§ **Raw data**
────────────────────────────────────────

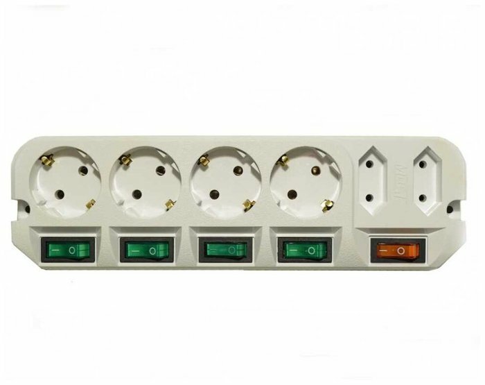 | Особенности | У каждой из четырех евророзеток имеется мощный (16A) индивидуальный выключатель,который обеспечивает удобство обращения с электропитанием и экономит Ваше время. Две узкие розетки имеют общий выключатель. |
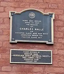 Helped by the Underground Railroad, Nalle settled in Troy, New York where he worked as a coachman and groom for the wife of a wealthy Rensselaer man, Uri Gilbert, in Troy at the time.[2] On April 27, 1860, Nalle was turned in to the local authorities. According to the Fugitive Slave Act of 1850, he was arrested and slated to be sent back to slavery in Virginia. As word got out, a large crowd gathered around the Mutual Building in Troy where he was being held.[2][3][4] Nalle managed to escape across the Hudson River to West Troy (modern-day Watervliet) during a clash between authorities and the crowd which included Harriet Tubman,[5] but the authorities were waiting for him on the other side and once again arrested him. Another clash occurred in West Troy, and during this time locals raised enough money for Nalle to be freed. His freedom was bought for 650 U.S dollars.[2][6]
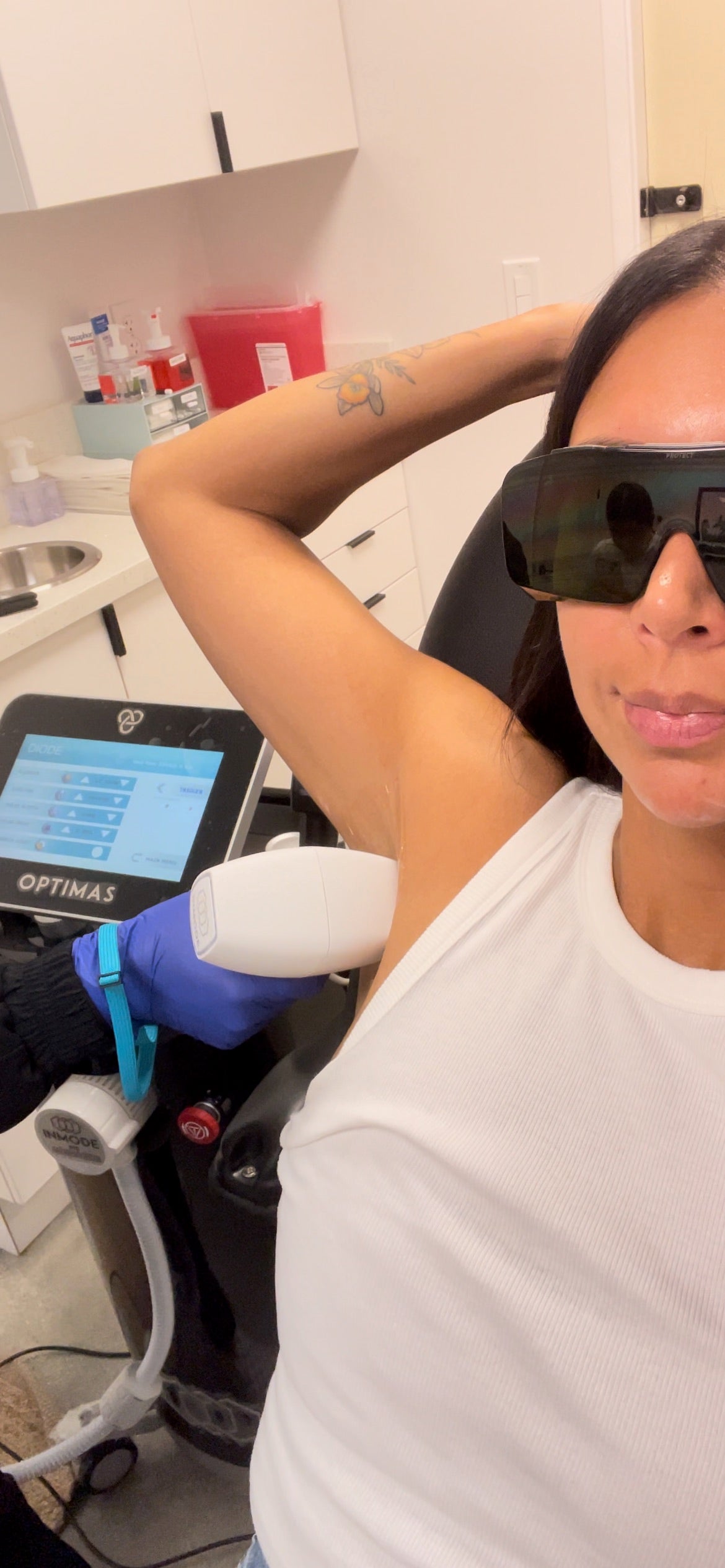 3. The Procedure: Right before the procedure, your provider will apply ultrasound gel to the treatment areas. This allows the laser to easily glide across your skin. Next, you’ll get to put on protective eyewear to shield your eyes from the laser. Your provider will glide the handheld device across your skin, emitting controlled pulses of energy which are absorbed by the melanin (pigment) in the hair follicles, inhibiting future hair growth.

────────────────────────────────────────

§ **Aim of the exercise**
Pictures must be left out. Repeat exactly the lines from the one containing "Helped by the" through the final line of the data.

§ **Output of the task**
 Helped by the Underground Railroad, Nalle settled in Troy, New York where he worked as a coachman and groom for the wife of a wealthy Rensselaer man, Uri Gilbert, in Troy at the time.[2] On April 27, 1860, Nalle was turned in to the local authorities. According to the Fugitive Slave Act of 1850, he was arrested and slated to be sent back to slavery in Virginia. As word got out, a large crowd gathered around the Mutual Building in Troy where he was being held.[2][3][4] Nalle managed to escape across the Hudson River to West Troy (modern-day Watervliet) during a clash between authorities and the crowd which included Harriet Tubman,[5] but the authorities were waiting for him on the other side and once again arrested him. Another clash occurred in West Troy, and during this time locals raised enough money for Nalle to be freed. His freedom was bought for 650 U.S dollars.[2][6]
 3. The Procedure: Right before the procedure, your provider will apply ultrasound gel to the treatment areas. This allows the laser to easily glide across your skin. Next, you’ll get to put on protective eyewear to shield your eyes from the laser. Your provider will glide the handheld device across your skin, emitting controlled pulses of energy which are absorbed by the melanin (pigment) in the hair follicles, inhibiting future hair growth.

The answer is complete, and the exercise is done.